Handling the Release on a Conference Paper

If a physician or scientist plans to present a significant paper at a meeting or conference, the PIO may ask him or her to provide material for use in the newsroom. The usual request is for the complete text of the paper, a non-technical abstract or a news release provided in advance and in multiple copies.

Most speakers will cooperate with a request for media materials from the meeting's sponsors. However, some speakers fear that a news release or an abstract will be misunderstood by their colleagues as a veiled attempt to get publicity. Researchers should understand, however, that if their report has news value, the media will pick it up whether or not there is a release or advance text available. However, as mentioned earlier, having such materials available increases the likelihood that the work will be reported accurately and that appropriate credit will be given to others' work in the field.

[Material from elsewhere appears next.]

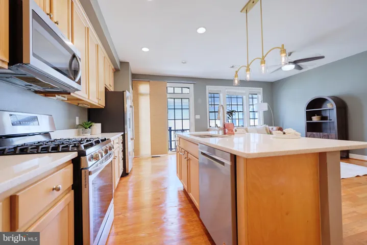 The kitchen is the true centerpiece, featuring a large center island with gleaming white quartz countertops, custom wood cabinetry, and plenty of room to cook, gather, and entertain. Just off the kitchen, the newer composite deck offers the perfect spot to sip your morning coffee while enjoying the peace and quiet of the neighborhood.

Meetings and conferences may not have newsrooms or may establish them too late to permit advance planning. If you as a PIO learn of an important report from your institution — or if you are a scientist presenting one — and you have not heard from the media chairperson of the meeting, the following procedure is recommended:

Find out from the sponsoring society's media director what media facilities are planned. If there will be a newsroom, ask if the director would like you to provide a release or non-technical abstract or make the text and supporting materials available in advance.

If no media facilities are planned, ask if you may send out an embargoed release. If there is no objection, mail it to science writers and post it on a password-protected service such as EurekAlert! and Newswise well in advance of the meeting. Be sure to mark the appropriate release time in accordance with the sponsoring society's custom. Also, include information on how to contact the scientist at the meeting.

If the work to be reported has visual interest, a researcher may wish to invite local television reporters to visit his or her laboratory or plan to videotape the work in process. This should be done only with the sponsoring society's approval and with the understanding that the footage will be held and until the meeting report is made. The institution's public information office may provide its own footage and/or computer animations to television reporters attending the meeting. Again, where videotape is not available, interesting slides, computer graphics or photographic prints may be suitable.